#### Required action:
Print out the full material below, exact in every line, with no images included.

#### Data excerpt:
****************************************

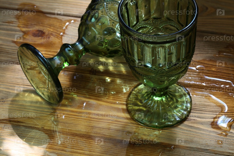 Два бокала зеленого цвета на деревянном столе
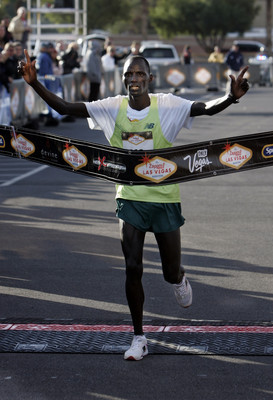 Tegla Loroupe, the former women’s world-record holder and a two-time New York City Marathon winner, took third in the women’s race, with almost no training. Loroupe ran New York last month — taking eighth — and Las Vegas on Sunday in more of an ambassador role for her peace foundation. So finishing third, in 2:41:37, was fine with her.
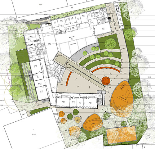 Daraus ergab sich die Aufgabenstellung zur Erweiterung, zum Teilneubau nach Abriss und zur Bestandssanierung der Schule auf insgesamt vier Züge bei laufendem Betrieb des Bestandes. Klassencontainer ersetzen für die Bauzeit einen Teil der Räume. Teile des Altbaus wurden entfernt. Der Neubau beginnt in 2022 mit Pfahlgründungen.

****************************************

#### Task answer:
 Два бокала зеленого цвета на деревянном столе
 Tegla Loroupe, the former women’s world-record holder and a two-time New York City Marathon winner, took third in the women’s race, with almost no training. Loroupe ran New York last month — taking eighth — and Las Vegas on Sunday in more of an ambassador role for her peace foundation. So finishing third, in 2:41:37, was fine with her.
 Daraus ergab sich die Aufgabenstellung zur Erweiterung, zum Teilneubau nach Abriss und zur Bestandssanierung der Schule auf insgesamt vier Züge bei laufendem Betrieb des Bestandes. Klassencontainer ersetzen für die Bauzeit einen Teil der Räume. Teile des Altbaus wurden entfernt. Der Neubau beginnt in 2022 mit Pfahlgründungen.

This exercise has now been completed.